China’s Baogang shut down its third blast furnace in the weak market in 2016. China’s northern Hebei province, which makes a quarter of the country’s steel, has announced that it plans to cut steel output by 8 million tons in 2016. This has been done mainly to address overcapacity and air pollution in the country.

CISA (China Iron and Steel Association) members have shouldered a loss of 38.64 billion yuan ($6 billion) for the first ten months of 2015. According to CISA, “Driven by the continuous fall in steel prices and weakening steel demand, steel production is expected to fall further, so iron ore demand will keep weakening.”

Overcapacity to weigh on utilization

China’s steel industry has annual crude steel capacity of 1.2 billion tons. China produced ~850 million tons of steel in 2015. With China’s “new normal,” domestic demand should fall further in 2016. The inventory in the property sector still remains quite high. This should keep the new construction activity in check, which is weighing on steel demand.

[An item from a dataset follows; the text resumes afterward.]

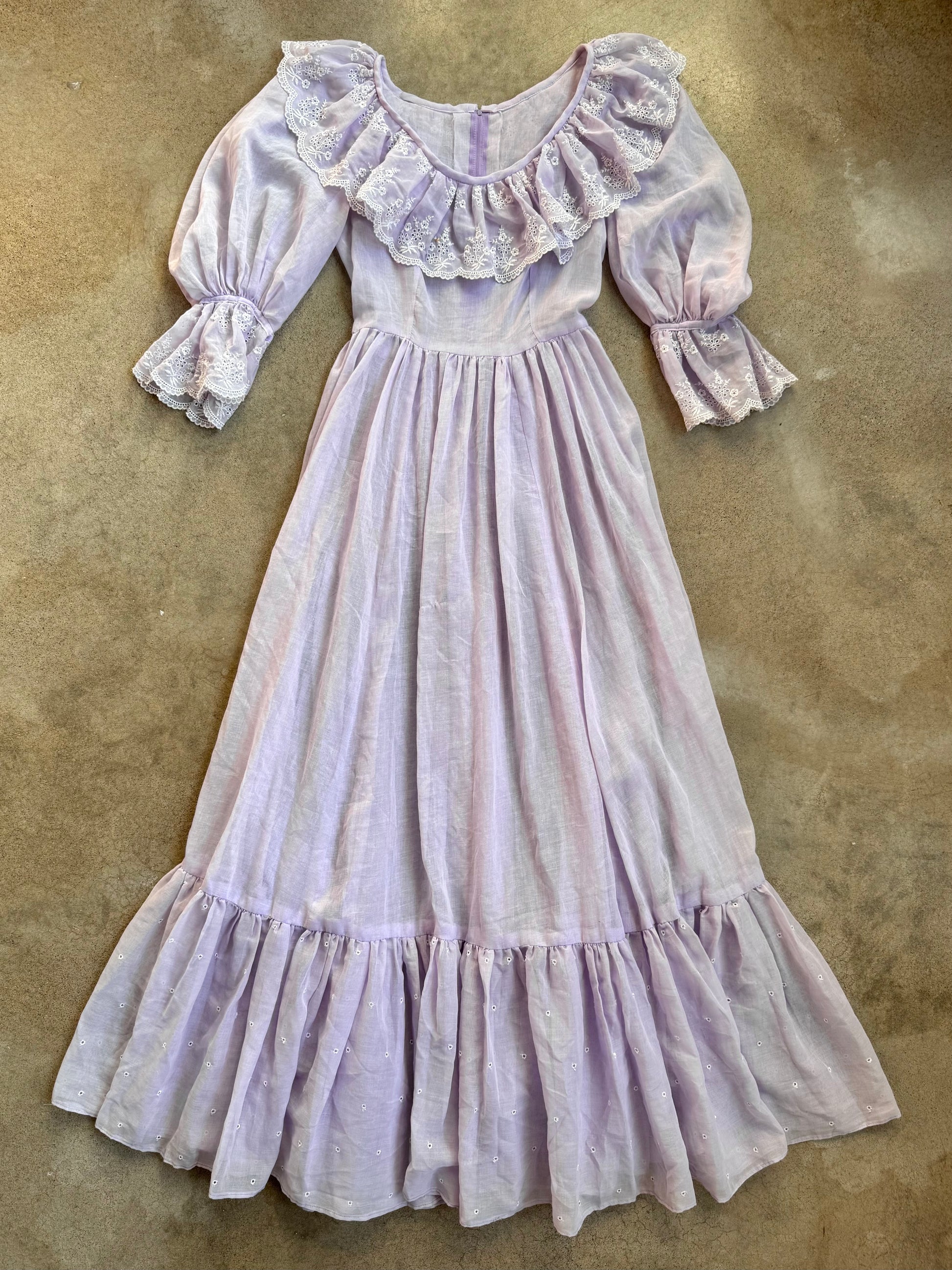 Vintage 1970s Purple Floral Eyelet Frilled Fairy Princess Maxi Dress | XS/S

China’s steel exports grew by 20% YoY in 2015. They are unlikely to grow much further due to increased trade cases from US (VTI) and Europe (VGK). This should see the capacity utilization declining for the China’s steel sector going forward in 2016.

There is no significant market to take the iron ore baton from China, which should keep the pressure on iron ore producers such as BHP Billiton (BHP) (BBL), Rio Tinto (RIO), Vale SA (VALE), and the Asia-Pacific division of Cliffs Natural Resources (CLF).